Politicians and parties venturing into this world of no rules or restraint of any kind, most often found its uncontrollable nature and flexibility frustrating, tiresome and irritating. Television channels began to feed on Facebook posts to fuel their debates and provoke retaliations from opponents to spiral forward the never-ending polemics of party politics. In this virtual society of anonymous, yet vehemently opinionated, individuals from all over the world, no issue could be discussed at length, nor could any allegation be cleared or questions answered; what was needed were instant reactions and constant updates to keep one’s constituency alive and hooked to the campaign. Most leaders resorted to a troupe of trollers ready to pounce on any comment that could potentially harm their side. With the institutionalisation of trolling, the social-media sites become virtual battlefields of words and images, diatribes and abuses that constantly spilled over to television and newspapers.

This trend marked a definitive shift in how Kerala’s citizens engage with politics: it was a shift from street-side speeches to YouTube videos, from posters on paper and cloth banners to flex and digital imageries on every conceivable surface, from graffiti on walls to posts on Facebook walls, from wayside teashop arguments to social-media chats, and from gossips and rumours to trolls. This shift is from the locally produced, circulated and controlled communication flows to global digital networks. Nothing remains local and regional here; edges bleed and everything flows into everything else. And every tweet, WhatsApp message, SMS or Facebook posting is potentially addressing a global audience, not just the voters in Kerala but also the Malayalee diaspora scattered all over the world. It is the latter who more vehemently took sides and added fire to the polemics.
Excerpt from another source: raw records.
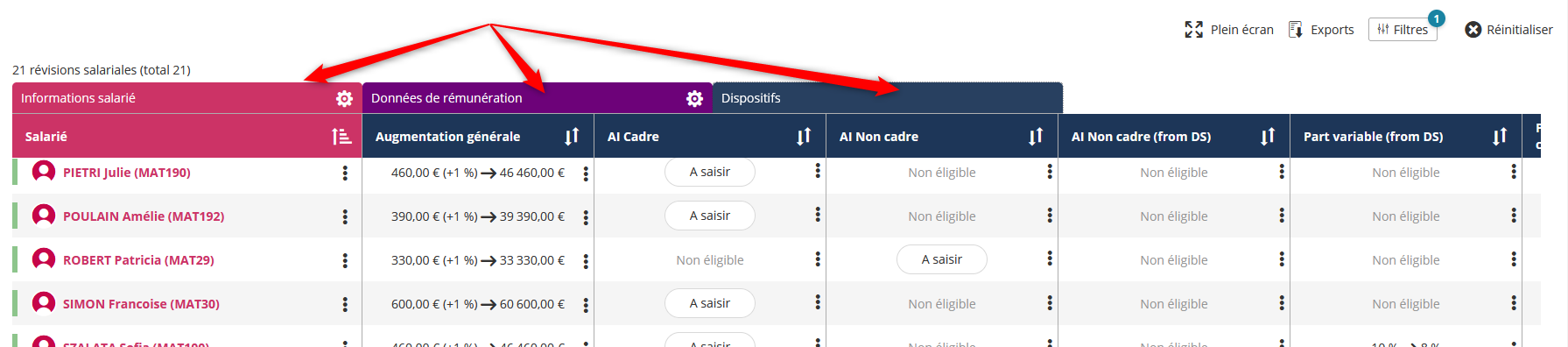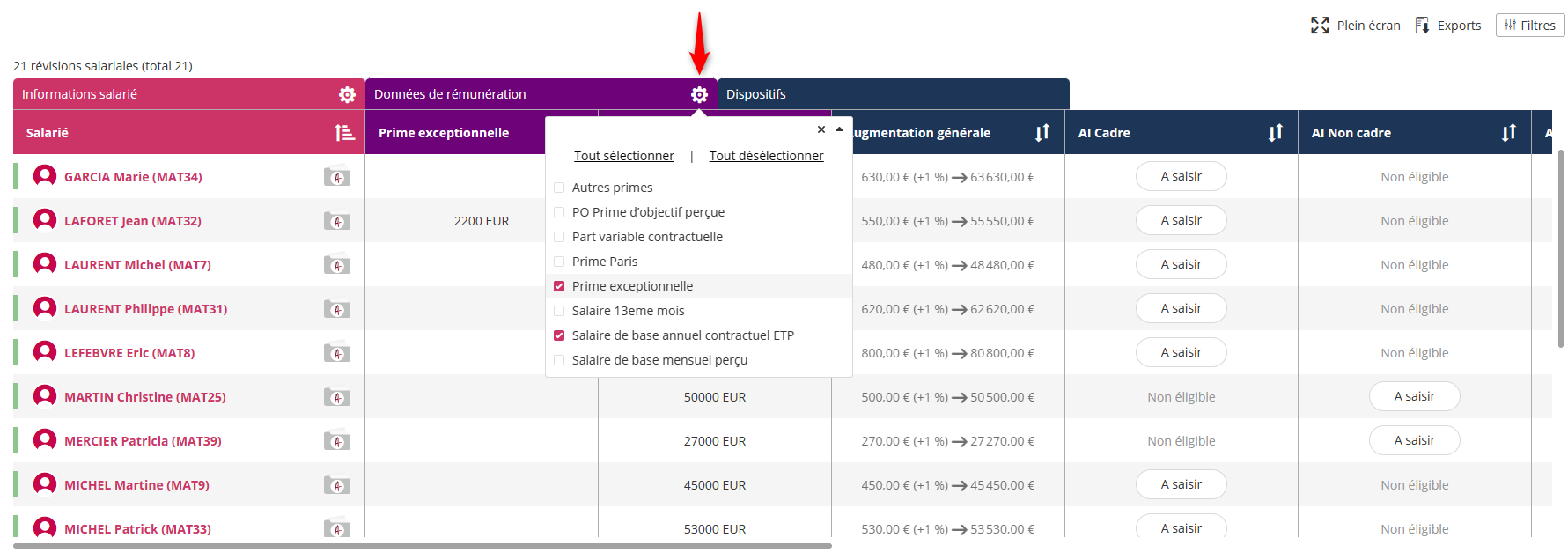 Des nouvelles colonnes ont été ajoutées dans les dispositifs de l’export des révisions salariales.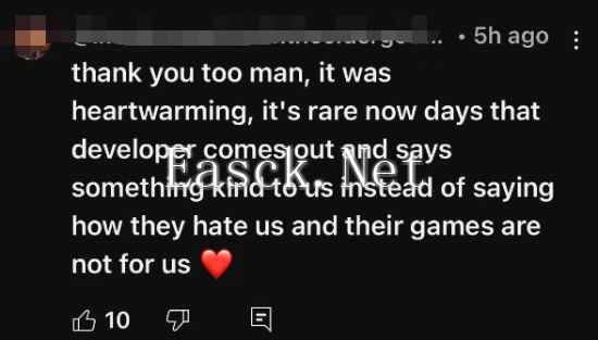 “我们也感谢你,哥们。这太暖心了,开发者对玩家表达善意,而不是说他们多讨厌我们,说他们的游戏不是做给我们的,这太少见了。”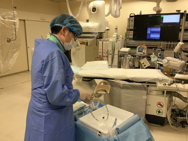 IVAS・OCTなど術野の外回りを担当し血管内画像装置の操作を行い,検査・治療物品等を清潔野に出したりします。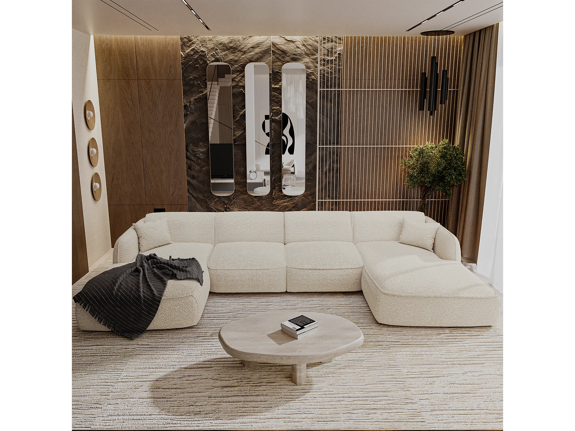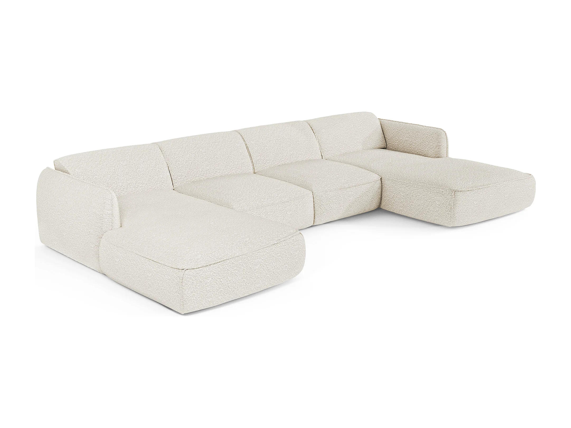 Canapé panoramique 7 places bouclette crème LIVIA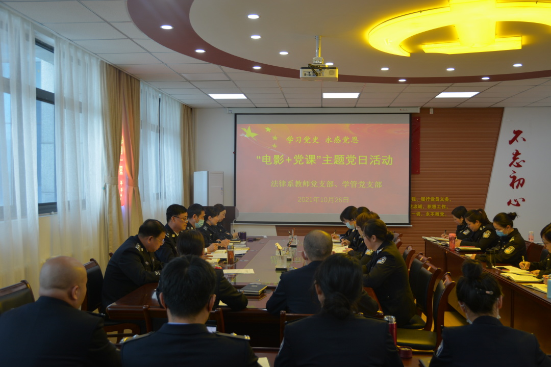 为进一步深化党史学习教育,营造学习党史的浓厚氛围,2021年10月26日下午,法律系教师党支部、学管党支部在党员之家活动室举行了“学习党史 永感党恩”电影+党课主题党日活动。活动由法律系主任李长忠主持,全体教师参加。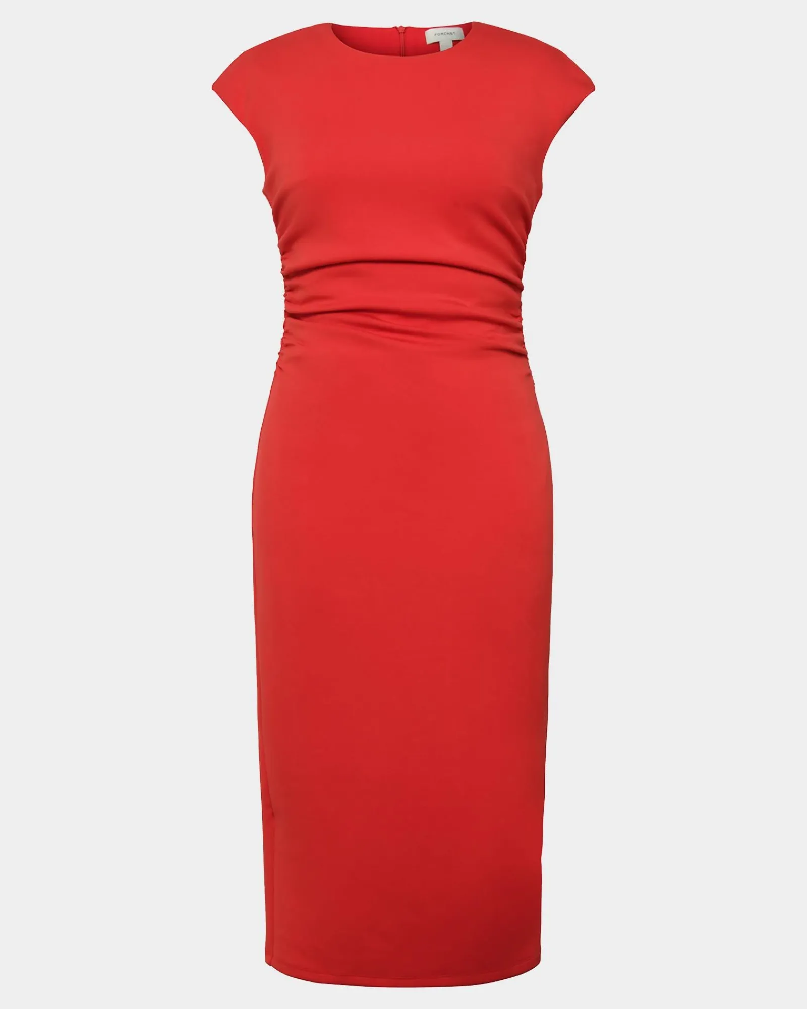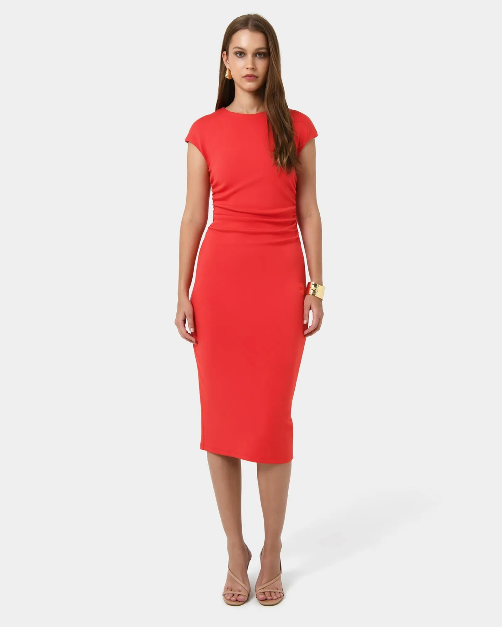 This classic Lulu Ruched Midi Dress is a versatile wardrobe staple that transitions effortlessly from day to night. The flattering silhouette enhanced by delicate ruching exudes femininity, while the cap sleeves offer simple elegance. Wear it with flats for a polished daytime look, or elevate it with strappy heels and statement accessories for an evening look.

From what used to be a one-way flow of appeals and promises, pronouncements and claims from the party centres and leaders to the masses, it now became a multiverse of many-way flows with no edges or limits; it flows from anywhere to everywhere. An inadvertent word, an unconscious gesture, a callous promise or allegation, thrown at any point of time during the last two decades of televisual history could be quoted back to life to haunt the present.

Do all these social-media interventions and expressions deepen our democracy, by involving more and more citizens in political debates, thus forcing political parties and leaders to listen to diverse opinions and thereby contribute to informed decision-making? Or is it just a never-ending cacophony of highly polemical views and individualised opinions directed more at virtual targets to score immediate points? How is this shift of political engagements from the physical to the virtual shaping public agenda in India today? Will these now-virtual energies, expressions and dissent eventually overflow on to the streets and blossom there as has happened in many other countries? Though the scene is fuzzy at present, the recent Kerala experience tells us that these surely are the questions that are going to decide the tone and tenor, and the depth and feel of democratic engagements in India in the coming years.